ASP.NET Core ships UseExceptionHandler and UseDeveloperExceptionPage that do this for you, but understanding the pattern means you can customise it when you need to.
Middleware vs Filters
One thing that confused me early on: what's the difference between middleware and filters (action filters, resource filters, etc.)?
The short answer: middleware operates on the raw HTTP pipeline. Filters are closer to the MVC layer and have access to controller context, action arguments, and the like.
As a rule of thumb:
- Use middleware for cross-cutting concerns that don't need MVC context: logging, caching, security headers, rate limiting.
- Use filters when you need access to controller metadata or action results: validation, response shaping, audit logging that needs the action name.
They're not competing — they're complementary layers of the same pipeline.
Middleware Is Everywhere
Once you see it, you can't unsee it. app.UseStaticFiles() — middleware that checks if the request maps to a file on disk and short-circuits if so. app.UseRouting() — middleware that matches the request path to an endpoint and stashes that match in HttpContext. app.UseAuthentication() — middleware that reads credentials from the request and populates HttpContext.User.
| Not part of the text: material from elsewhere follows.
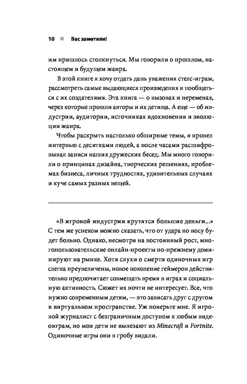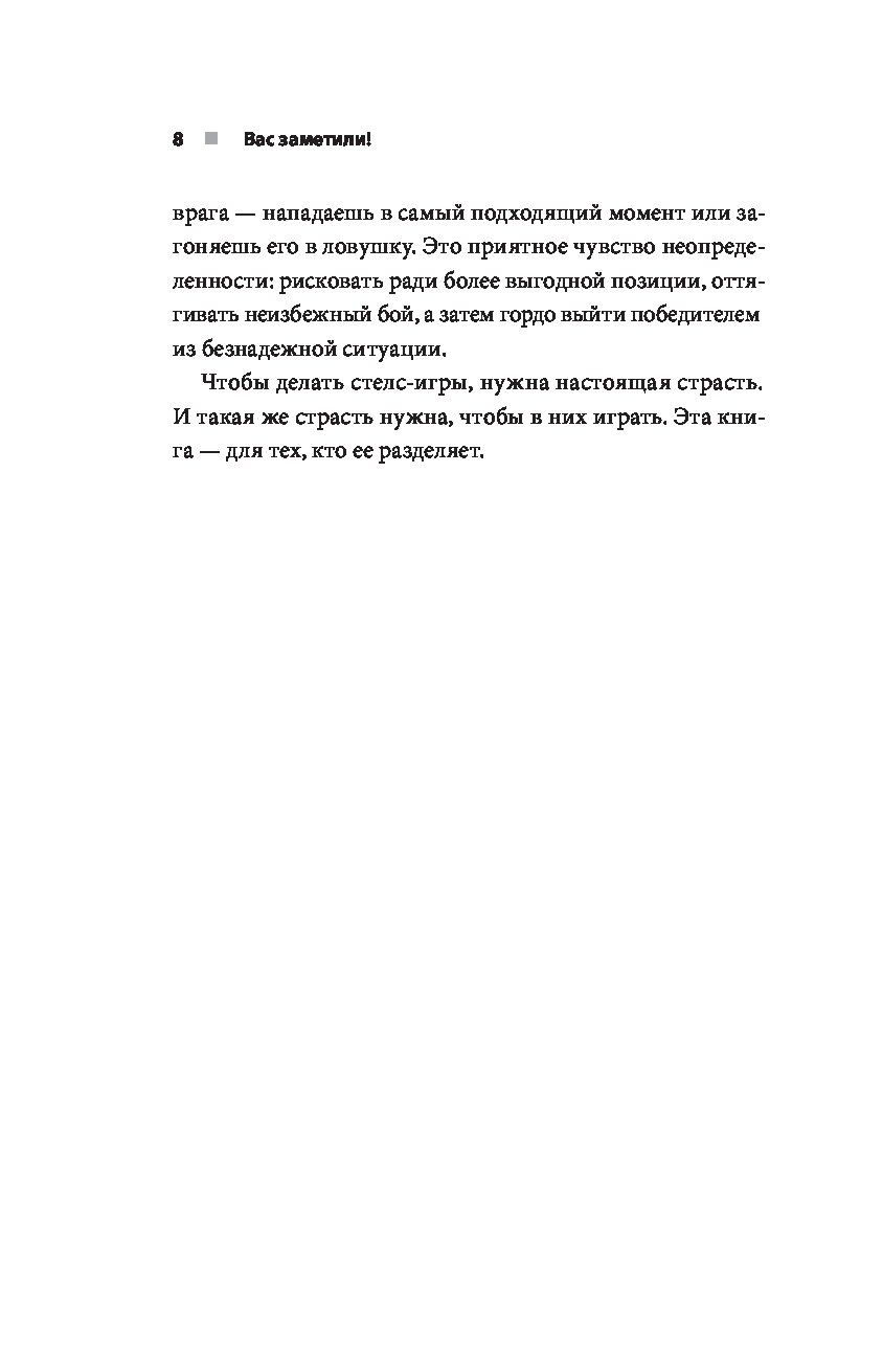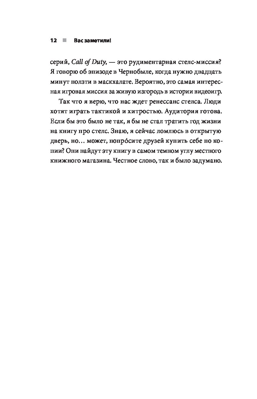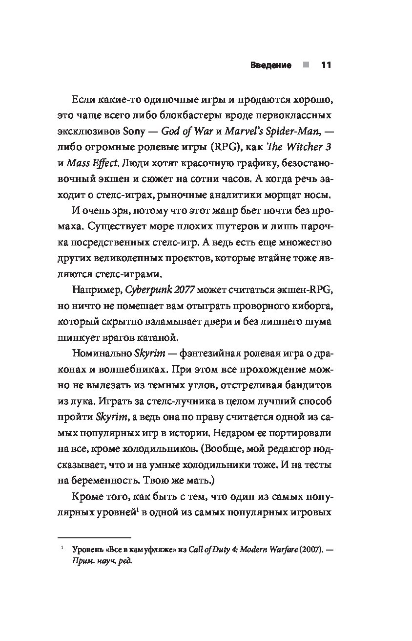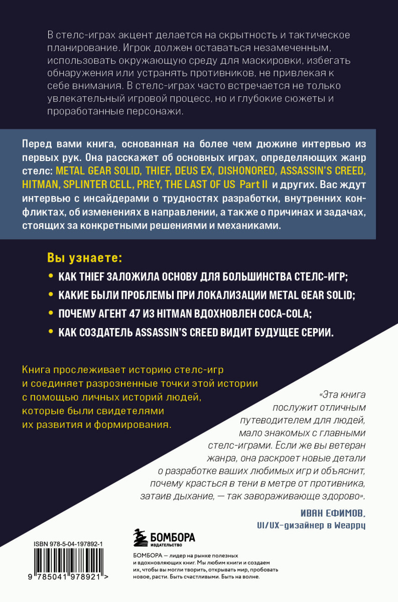 «Эта книга послужит отличным путеводителем для людей, мало знакомых с главными стелс-играми. Если же вы ветеран жанра, она раскроет новые детали о разработке ваших любимых игр и объяснит, почему красться в тени в метре от противника, затаив дыхание, — так завораживающе здорово». — Иван Ефимов, UI/UX-дизайнер в Weappy

Every call to app.Use* is adding another layer to the same pipeline. Understanding that changes how you read framework documentation and how quickly you can diagnose why something isn't working.
The pipeline model is one of ASP.NET Core's best design decisions. It's explicit, composable, and once it clicks it makes the whole framework feel much less magical.